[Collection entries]
--------------------------------------------------
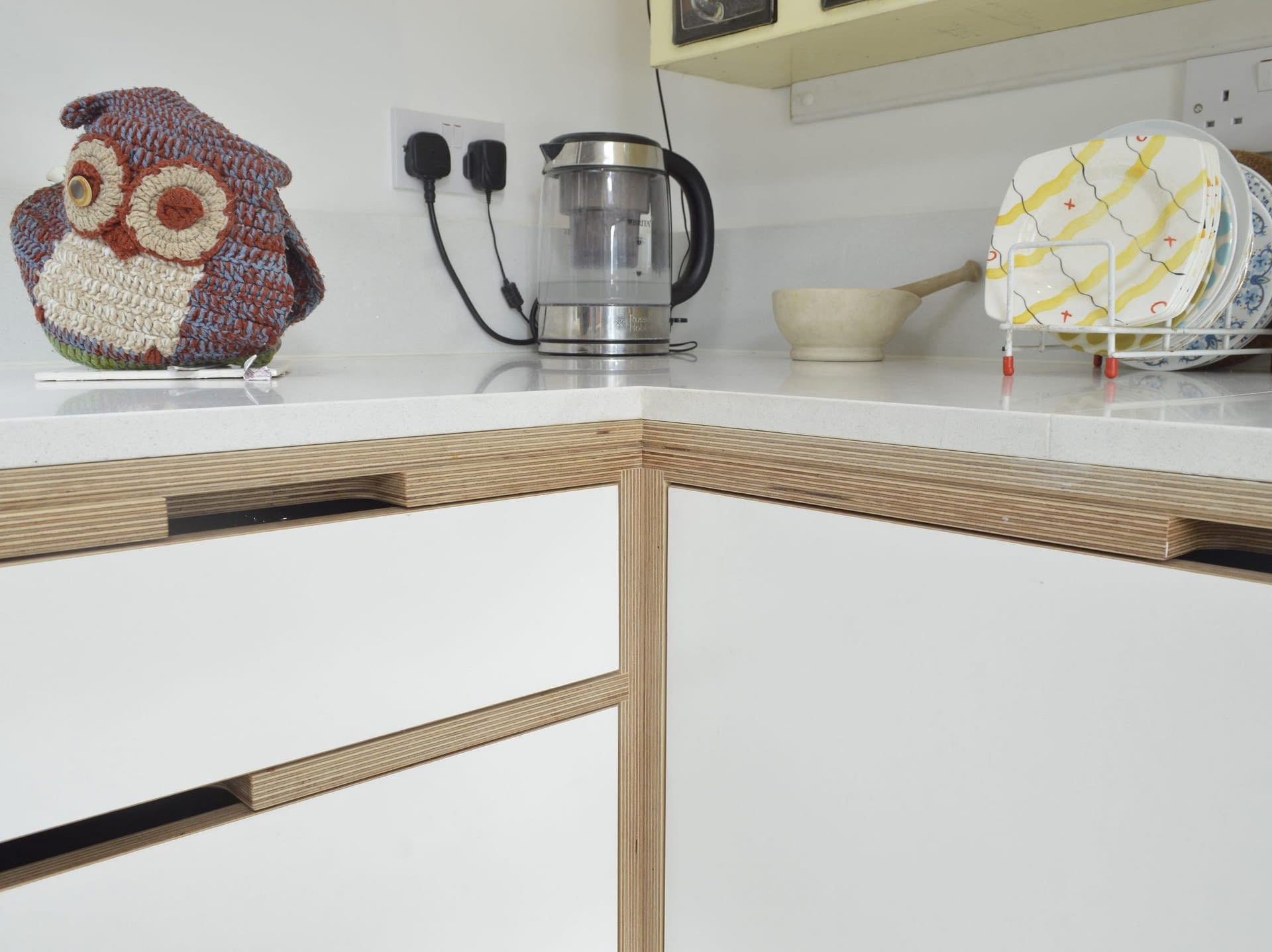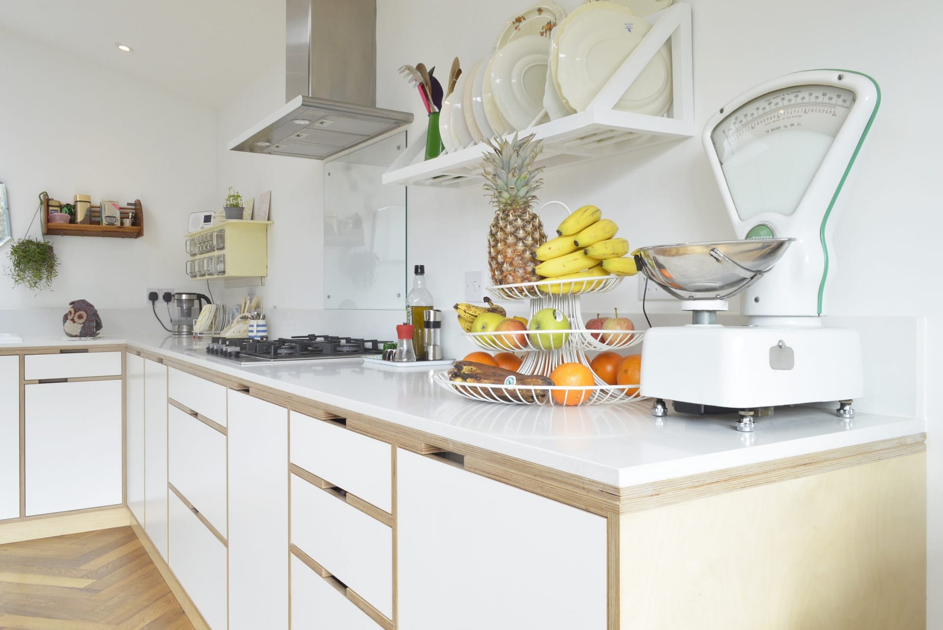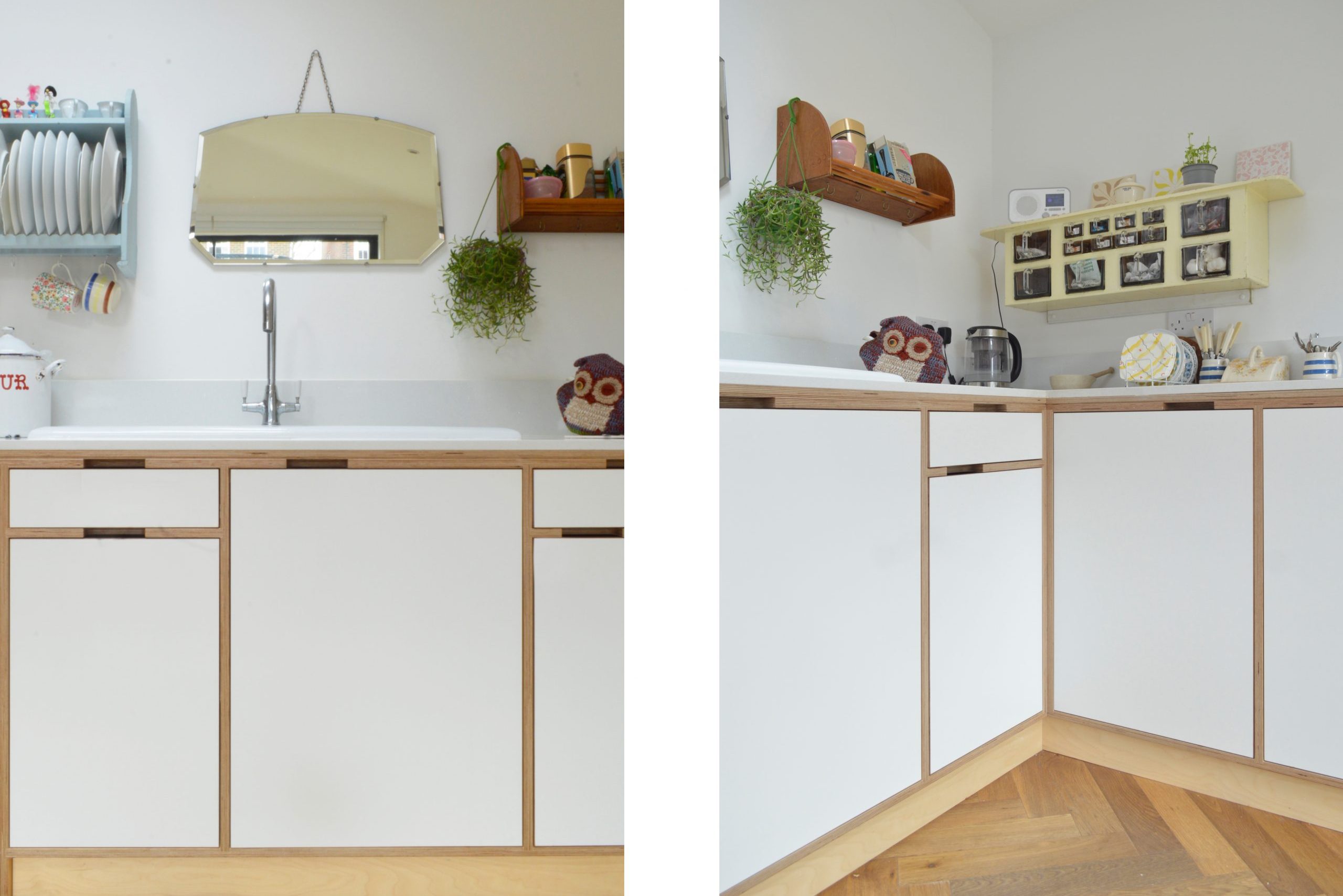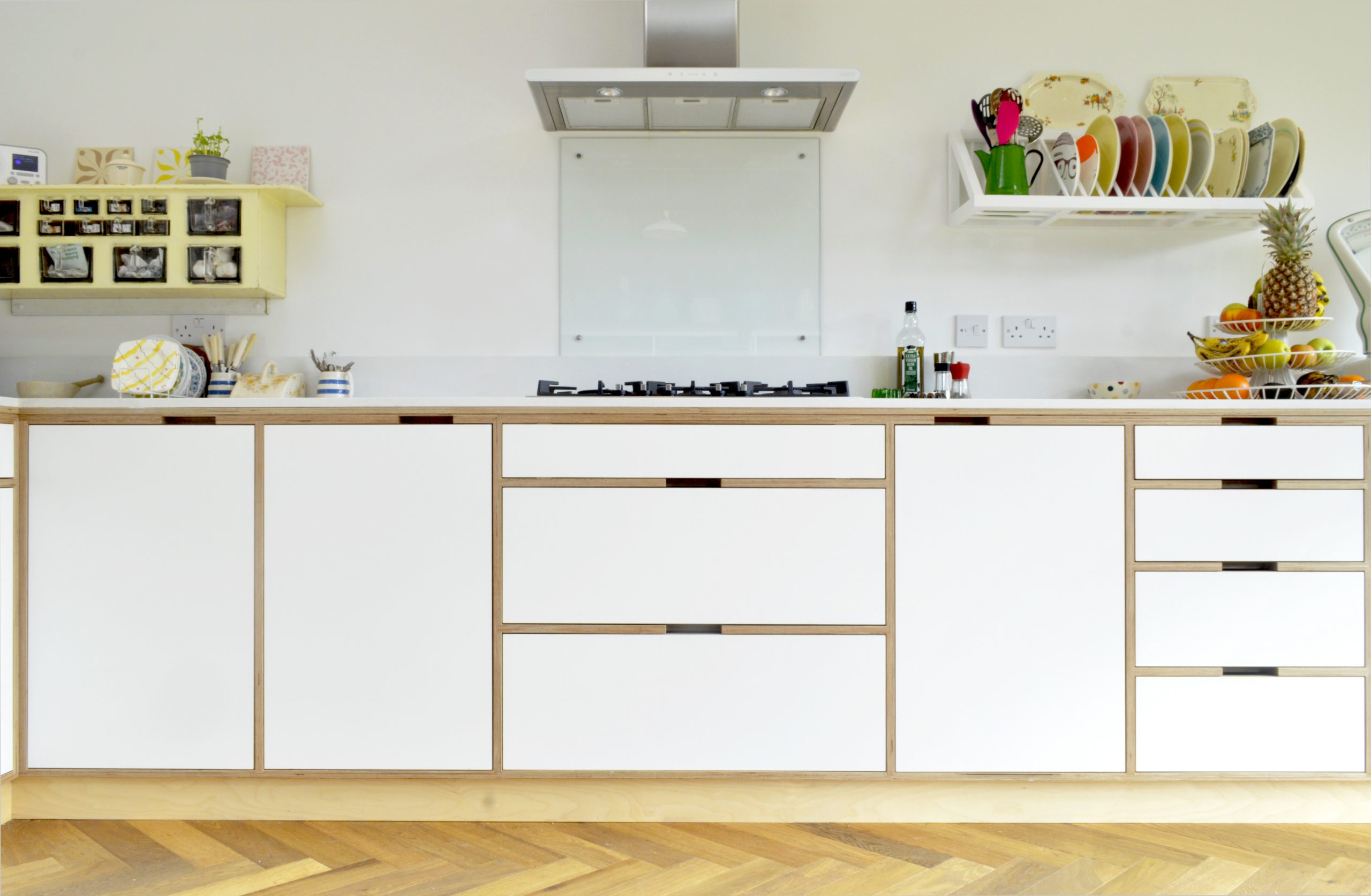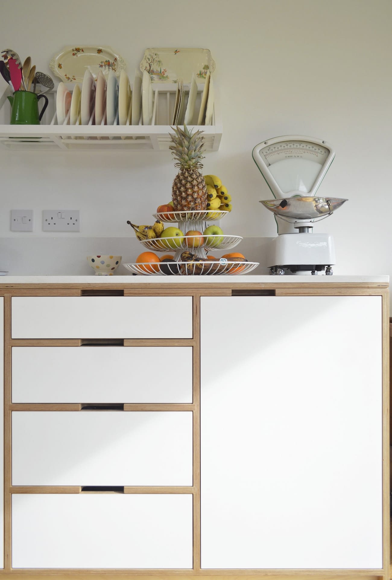 Making use of the ubiquitous birch plywood these kitchen units are contemporary classics. Joinery detailing includes expressed end grain framing and inlaid melamine faced door and drawer fronts with simple cut away grab recess's providing an elegant flush finish. The design concept evolved from the clients initial and relatively specific proposal combined with the studios recommendations for layout and material/colour palette. Some items from the clients existing kitchen have been integrated into the design to ensure their continued use and to minimize unnecessary waste.
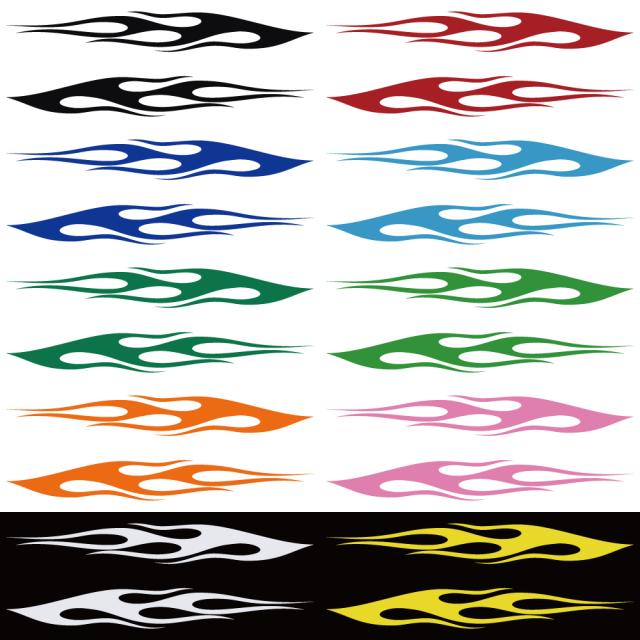 デカールステッカー 【 ファイヤーパターン B L 左右反転 2枚セット 】 選べる10色 縦5.3cm×横40cm オリジナルデザイン バイナル ステッカー カスタム ドレスアップ
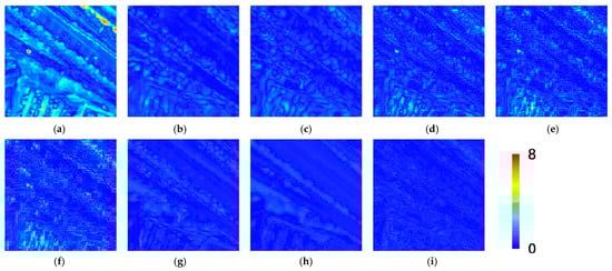 Residual images of fusion results on the simulated Chikusei data set: (a) PC, (b) GLP, (c) Hysure, (d) FUSE, (e) MAPSMM, (f) SFIMHS, (g) HyperPNN, (h) HMPCNMF, (i) IFNPMH.
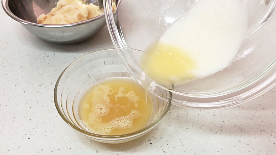 でんぷんが必要になりますので、ボウルのなかで軽く絞り、ジャガイモと絞り汁に分けます。絞り加減はハンバーグ生地くらいの固さで絞ります。
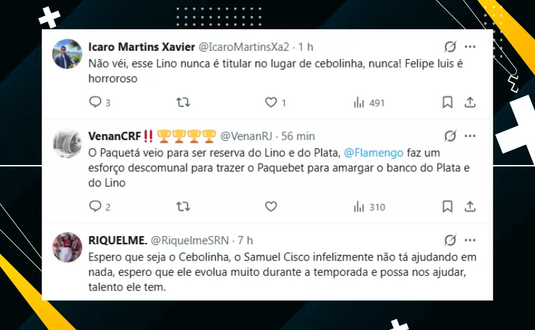 Ainda sobre os nomes à disposição do Flamengo, pode-se ressaltar que Lucas Paquetá foi regularizado e pode reestrear pelo Mais Querido. O jogador mais caro da história do futebol brasileiro está com o nome no Boletim Informativo Diário (BID) da CBF. Veja alguns comentários criticando a provável formação:
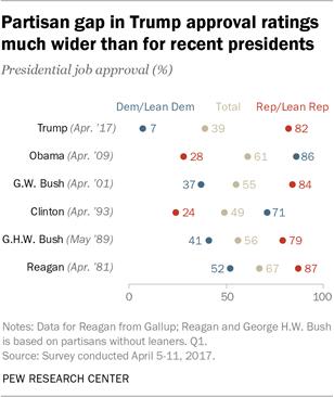 Less confidence in Trump in dealing with Congress. Donald Trump’s overall job rating stands at 39%, the same as it was in February. As was the case then, his job rating today is lower – and more politically divided – than other recent presidents at comparable points in their first year. For more, see detailed demographic tables on Trump job approval.
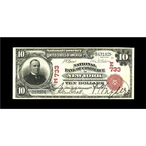 <B>New York, NY</B></I> - $10 1902 Red Seal Fr. 613 <B>The NB of Commerce</B></I> Ch. # (E)733<BR>The color and paper are eye appealing for a note that is a touch flat. <B>Very Fine.</B></I><BR><BR><b>Shipping:</b> Coin/Currency (<a target="_blank" href="http://www.heritageauctions.com/common/shipping.php">view shipping information</a>)
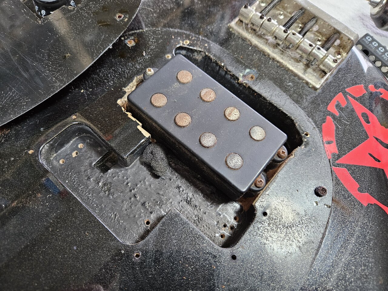 Dann kommen Schaller Security Pins dran, ein Aguilar 4P-HOT kommt rein, und die Elektronik wird neu aufgebaut.
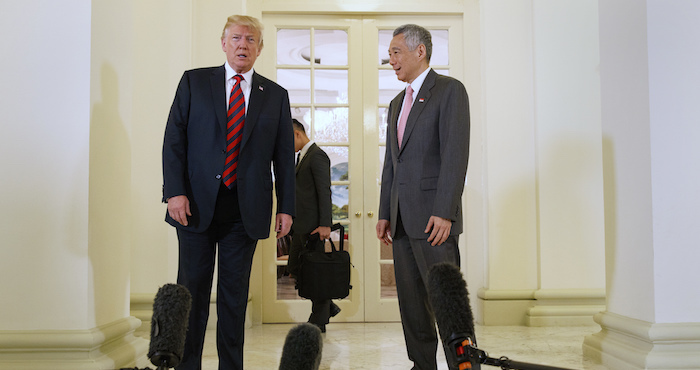 El Presidente de Estados Unidos, Donald Trump, se reúne con el Presidente de Singapur, Lee Hsien Loong. Foto: AP
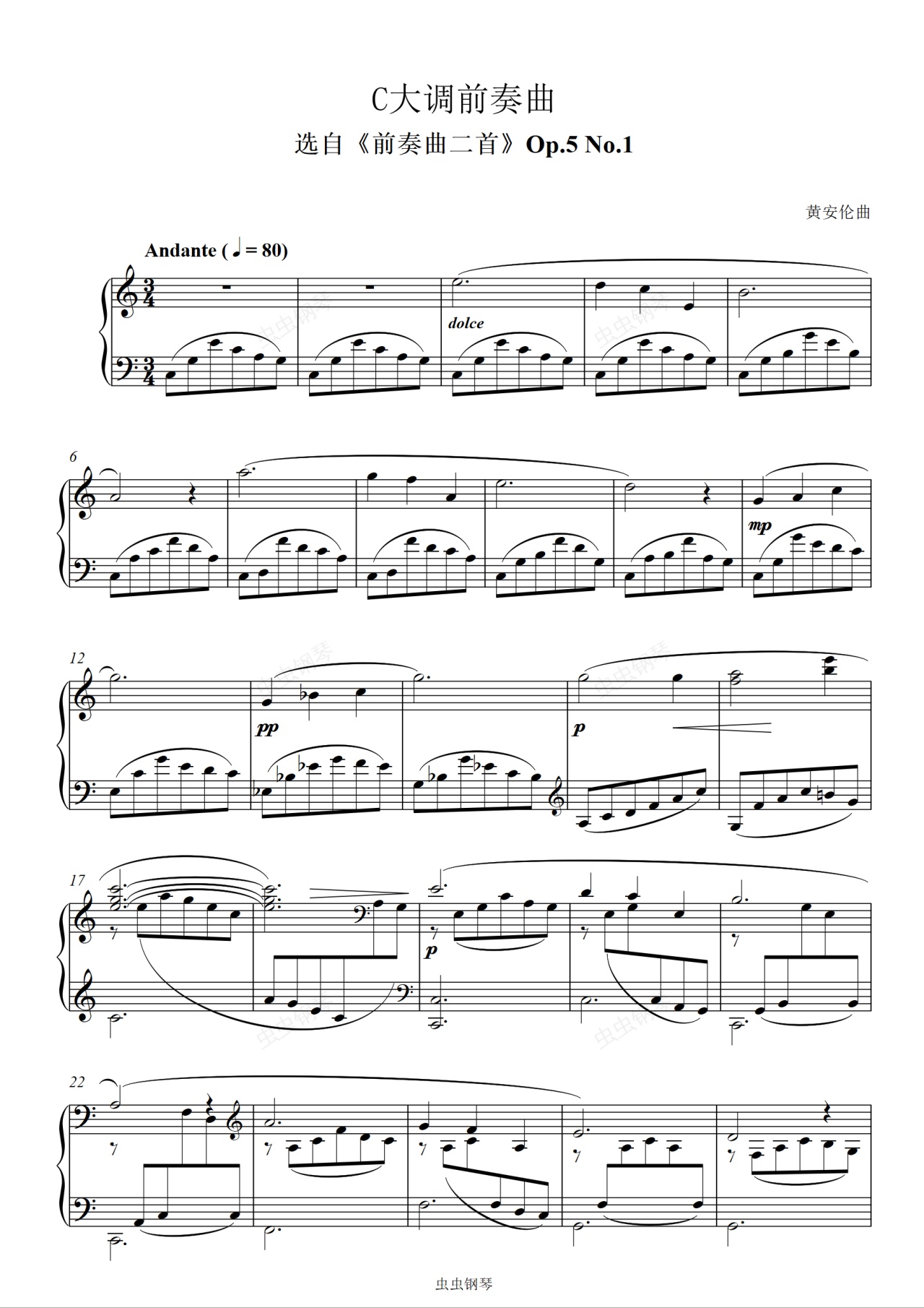 钢琴谱:10级-小型乐曲-C大调前奏曲选自《前奏曲二首》Op.5 No.1
--------------------------------------------------
Nothing but the lines from the one containing "Less confidence in" through the final line of the records, both included and copied exactly, should appear in the answer; pictures stay out.

 Less confidence in Trump in dealing with Congress. Donald Trump’s overall job rating stands at 39%, the same as it was in February. As was the case then, his job rating today is lower – and more politically divided – than other recent presidents at comparable points in their first year. For more, see detailed demographic tables on Trump job approval.
 <B>New York, NY</B></I> - $10 1902 Red Seal Fr. 613 <B>The NB of Commerce</B></I> Ch. # (E)733<BR>The color and paper are eye appealing for a note that is a touch flat. <B>Very Fine.</B></I><BR><BR><b>Shipping:</b> Coin/Currency (<a target="_blank" href="http://www.heritageauctions.com/common/shipping.php">view shipping information</a>)
 Dann kommen Schaller Security Pins dran, ein Aguilar 4P-HOT kommt rein, und die Elektronik wird neu aufgebaut.
 El Presidente de Estados Unidos, Donald Trump, se reúne con el Presidente de Singapur, Lee Hsien Loong. Foto: AP
 钢琴谱:10级-小型乐曲-C大调前奏曲选自《前奏曲二首》Op.5 No.1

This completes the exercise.